_Dataset extract_:
-------------------------

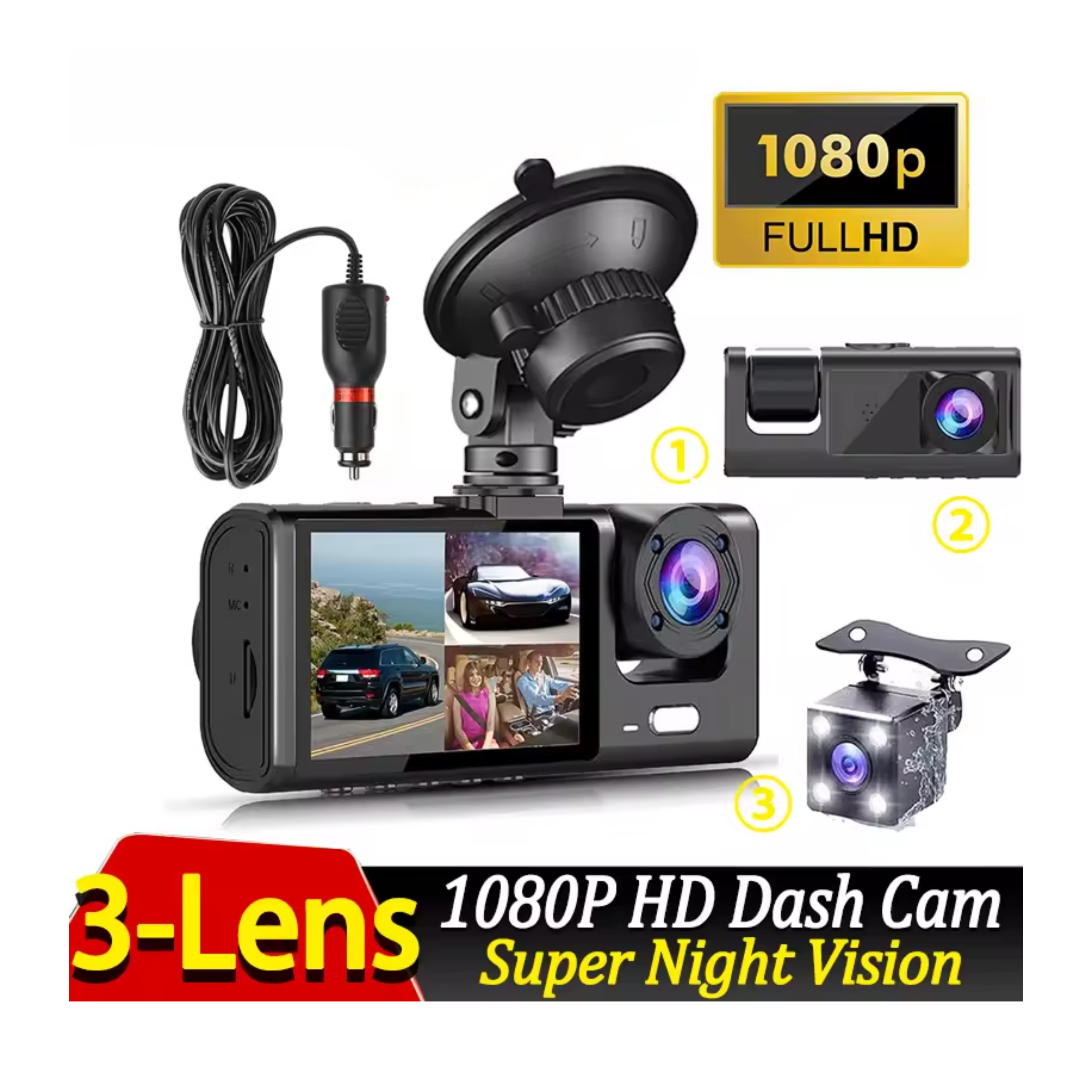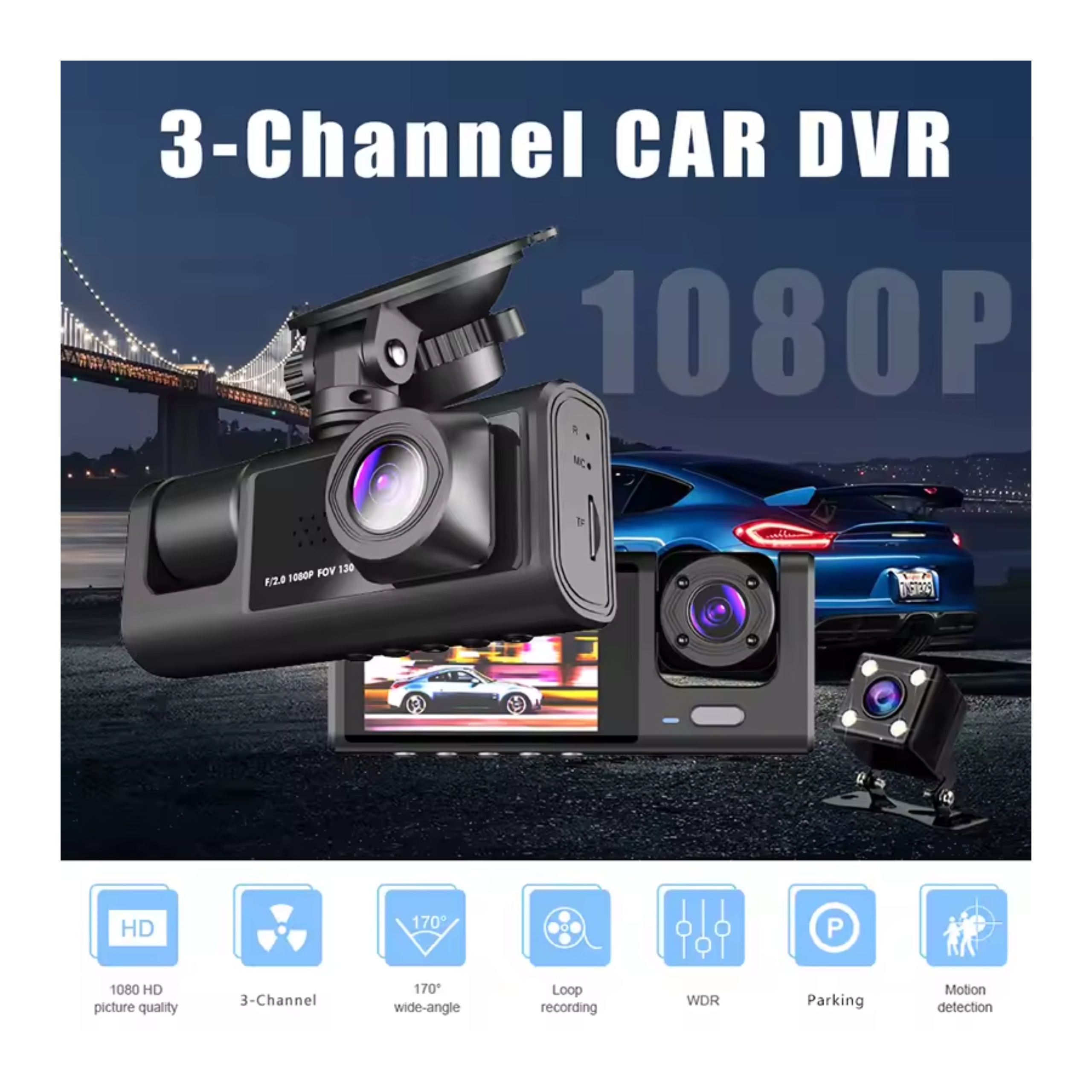 Trzykanałowy Wideorejestrator Samochodowy HD 1080P
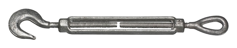 Ben-Mor Turnbuckle, Thread Size: 1/2 in, Take-Up Size: 6 in, End Fitting A: Hook, End Fitting B: Eye, Galvanized
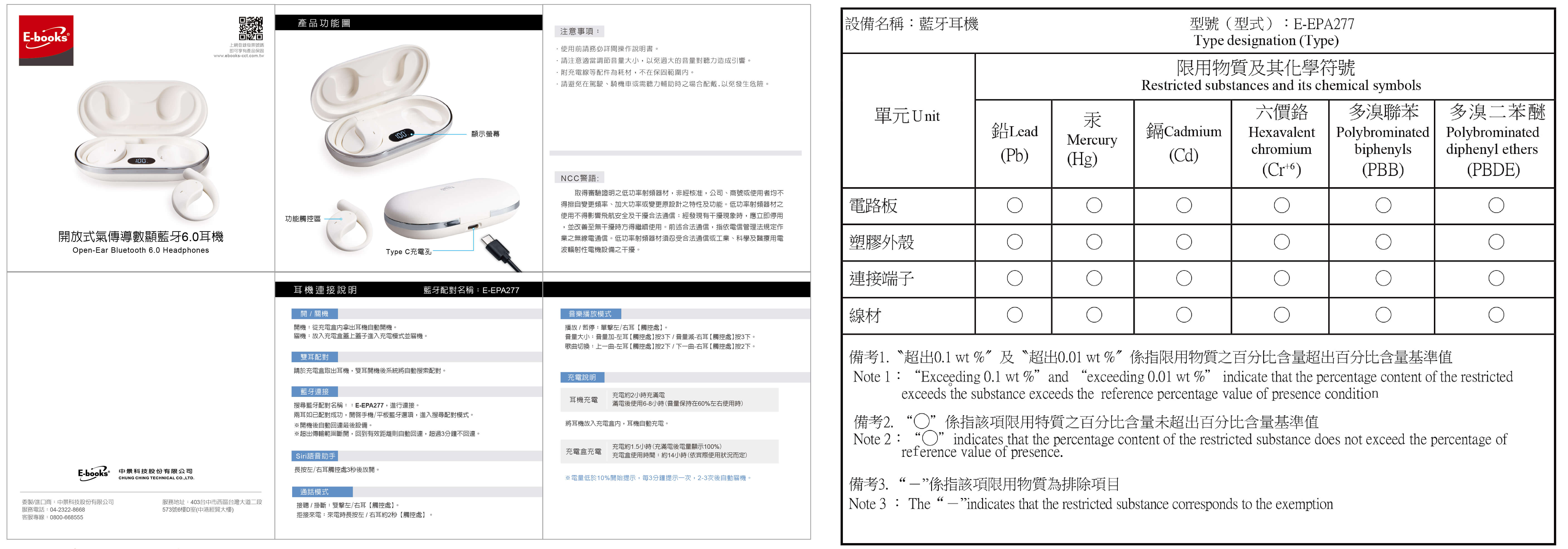 - 充電電壓/電流:5V⎓30mA(耳機);5V⎓300mAh(充電盒)

-------------------------

_Task item_: Without the pictures, reproduce each line from the one containing "Ben-Mor Turnbuckle, Thread" through the last line of the material above, both of those lines included.

_Solution to the exercise_:
 Ben-Mor Turnbuckle, Thread Size: 1/2 in, Take-Up Size: 6 in, End Fitting A: Hook, End Fitting B: Eye, Galvanized
 - 充電電壓/電流:5V⎓30mA(耳機);5V⎓300mAh(充電盒)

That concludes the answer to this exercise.